Background. In Ethiopia, chronic liver disease (CLD) is the 7th leading cause of death, accounting for about 24 deaths per 100000 populations in 2019. Despite its burden, there is a lack of compiled pieces of evidence on CLD in the country. Thus, this systematic review and meta-analysis is intended to provide the pooled estimates of CLD etiologies and mortality rate in CLD patients in Ethiopia. Method. PubMed, Google Scholar, ScienceDirect, institutional repositories, national digital library, and the bibliography of the eligible articles information were the source of data for the present review. The keywords “hepatitis, chronic” [Mesh], “end-Stage Liver Disease” [Mesh], “chronic liver disease”, “liver cirrhosis” [Mesh], and “Ethiopia” were used for the searches. Overall, we retrieved 199 records and 12 were included in this review.

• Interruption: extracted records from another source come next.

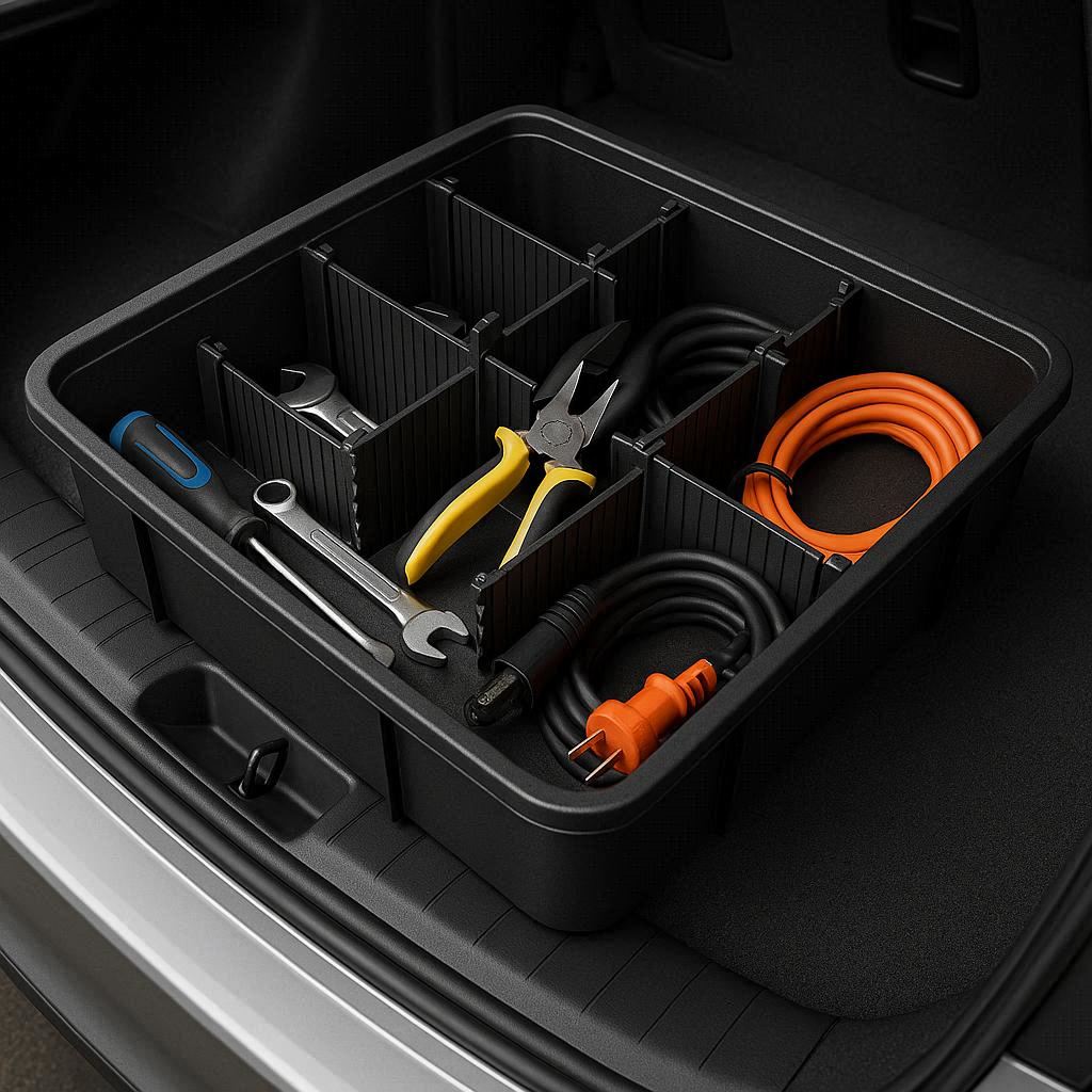 Designed for modern cars, featuring adjustable dividers to hold tools, cables, and personal belongings securely.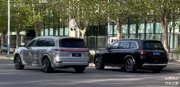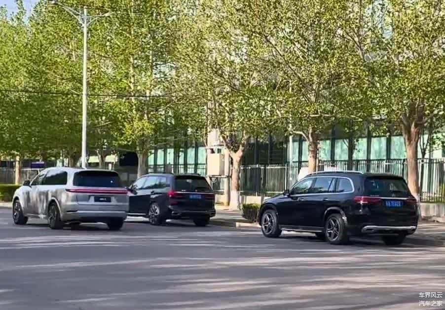我们从照片中能得知,新车进行路试的时候从理想官方地点出发,当开出路面的时候正好驶过停在路边的宝马X7和奔驰GLS,这不免让人猜测是不是故意为做宣传而放置,非常巧合并且没有其他的车辆。相对比之下,两台豪华SUV是全黑色,而银色的理想L9显得格外具有格调并且年轻时尚了不少。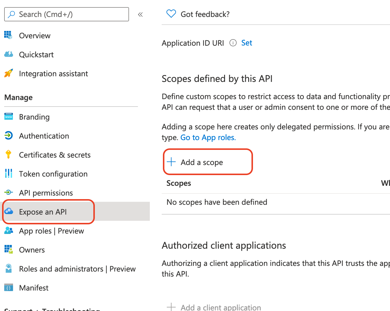 In the left-hand navigation pane, select Expose an API, and then click Add a scope.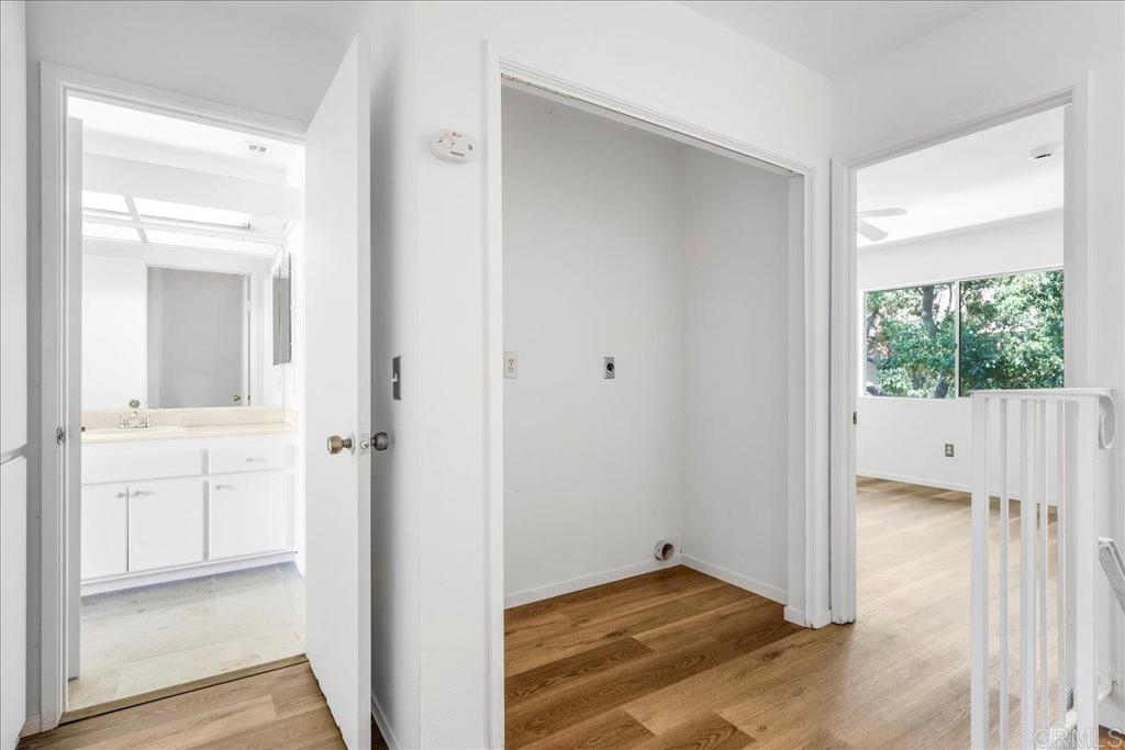 Talk about one beautiful property, it all starts at the end of this no-traffic culdesac that leads you into a park. These pine trees are taller than most in the national park! The forest entry opens up to a brand new wood-toned LPV flooring that is gorgeous. Featuring one bathroom down stairs and a Jack and Jill type bathroom upstairs, this freshly painted unit is clean and new looking. Then there is the gated backyard with a storage closet. Did we mention the indoor washer and dryer room that accomodates full sized appliances? Yes there is a detached fully enclosed oversized one-car garage plus a second dedicated space. Oh, yes - a very nice pool to wind down an otherwise scorching day!

We used the DerSimonian-Laird random-effects models to perform the meta-analysis. We conducted subgroup and meta-regression analyses to account for the heterogeneity of the estimates. Result. Hepatitis B virus, alcohol, and hepatitis C virus are the three most common etiologies of CLD in Ethiopia accounting for a pooled estimate of 40.0% [95% CI: 29.0, 51.0, I2 = 96.3, p < 0.001 ], 17.0% [95% CI: 9.0, 25.0, I2 = 96.7, p < 0.001 ], and 15.0% [95% CI: 9.0, 21.0, I2 = 95.8, p < 0.001 ], respectively. Unidentified etiology report has a substantial contribution accounting for an estimated pooled proportion of 45% [95% CI: 34.0, 56.0%, Q = 32.08, p < 0.001 , I2 = 87.53] of the CLD cases in the country. On the other hand, the overall hospital mortality rate in CLD patients is 25.0% [95% CI: 2.0, 47.0, I2 = 94.6, p < 0.001 ] in Ethiopia. Conclusion. Hepatitis B virus, hepatitis C virus, and alcohol are the three most common contributors to CLD cases in Ethiopia. The authors warrant routine screening and strengthening of preventive and treatment programs for viral hepatitis B and C, further enhancing the alcohol policy of the country.